The arrests in the Nevada case came the same day U.S. Attorney General Loretta Lynch said in Portland, Oregon, that additional charges would be filed “very soon” in the 41-day standoff at the Malheur National Wildlife Refuge. She didn’t provide specifics.
The nine-count indictment in U.S. District Court in Las Vegas is similar to one filed Feb. 11, the day after Cliven Bundy was arrested as he arrived in Portland to visit Ammon and Ryan Bundy in jail.
The brothers were among 16 defendants who pleaded not guilty last week to federal conspiracy charges. A total of 25 people are charged in the occupation. The occupiers had said they wanted the U.S. government to relinquish public lands to locals and free two Oregon ranchers who they say were wrongly imprisoned for setting fires.
In an interview from the Portland, Oregon, jail where Bundy’s son, Ammon Bundy, has been lodged since his arrest, he told The Oregonian he’s not ashamed of what he and others did in seizing the refuge.
“It’s the most difficult thing I’ve ever done in my life,” Ammon Bundy said of being in jail. “But I don’t regret what we did because I knew it was right.”
The younger Bundy said as he sees it, they went into a public building and carried out a demonstration.
In the Nevada armed showdown case, charges include conspiracy to commit an offense against the United States; threatening a federal law enforcement officer; obstruction of justice; attempting to impede or injure a federal law enforcement officer; and several firearms charges.
The indictment alleges co-defendants recruited, trained and provided support to armed men and other Bundy followers during a dispute over more than $1 million in unpaid grazing fees and penalties.

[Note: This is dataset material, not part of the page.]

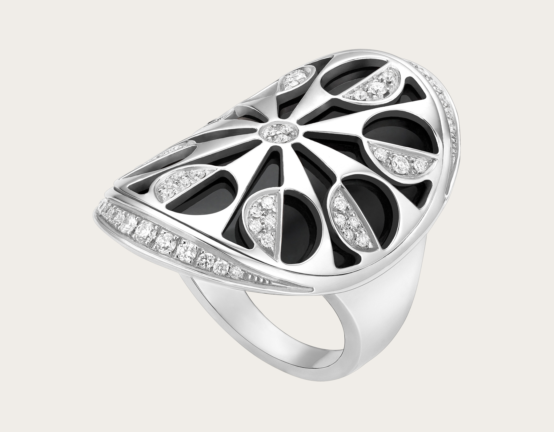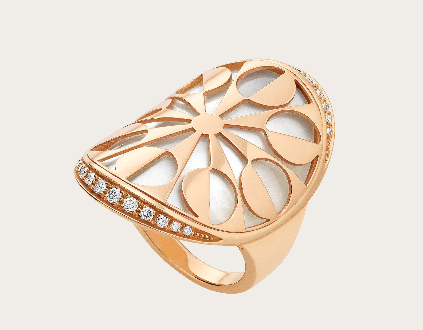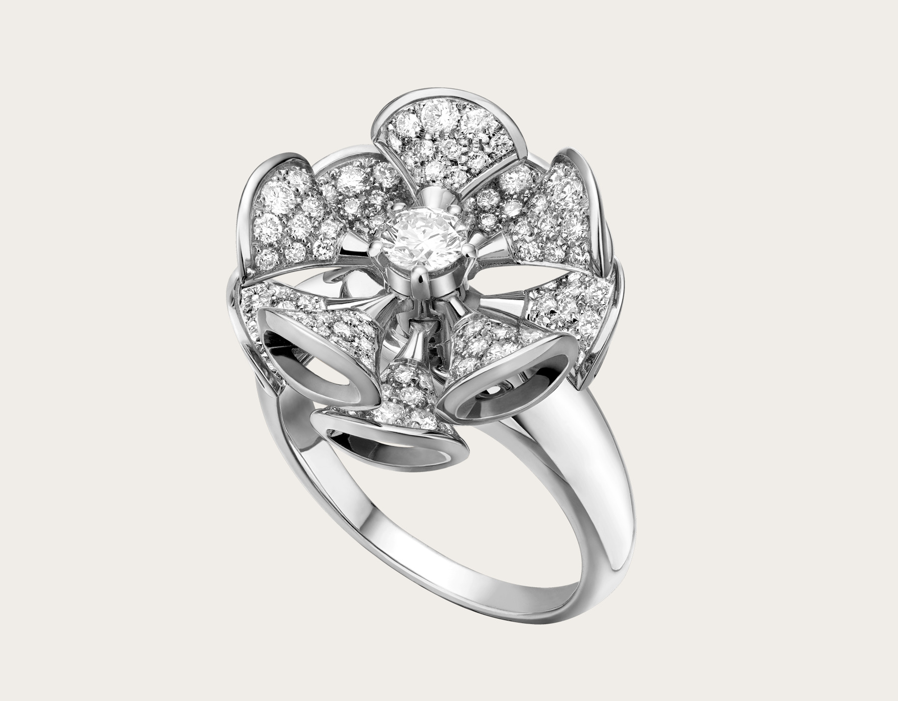 Reflection of the favorite brand of naturalistic motifs. The combinations of stones of various shades and shapes on elegant rings resemble lush and beautiful bouquets of flowers. Mostly pear-shaped stones are used, which imitate individual petals on flowers topped with a diamond core.

Officials say the fees still haven’t been paid.
It identifies Cliven Bundy as the leader and beneficiary of the conspiracy, and Ammon and Ryan Bundy as leaders and organizers of about 200 gunmen and followers.
The result: A picket line of self-styled Bundy militia perched on a high Interstate 15 bridge, pointing military-style AR-15 and AK-47 weapons down at BLM agents and cowboys herding cattle up a ravine to a corral. Dozens of woman and children were in the possible crossfire.
The federal officials backed down, and they released about 400 cows that had been rounded up.
Documents submitted following the Thursday arrest of Gerald “Jerry” DeLemus in Rochester, New Hampshire, said that DeLemus “organized and led armed patrols and security checkpoints” for several following weeks around the Bundy ranch in southern Nevada.
DeLemus was running for Strafford County sheriff in New Hampshire when he was arrested. He appeared in custody in federal court in Concord, New Hampshire, for a detention hearing that was postponed until Monday. His wife, Republican state Rep. Susan DeLemus, said she planned to hire a lawyer for his defense.
Federal officials identified others arrested Thursday as: Blaine Cooper of Humboldt, Arizona; Eric J. Parker and Steven A. Stewart, both of Hailey, Idaho; O. Scott Drexler of Challis, Idaho; Richard R. Lovelien of Westville, Oklahoma; Todd C. Engel of Boundary County, Idaho; Gregory P. Burleson of Phoenix; Joseph D. O’Shaughnessy of Cottonwood, Arizona; and Micah L. McGuire and Jason D. Woods both of Chandler, Arizona.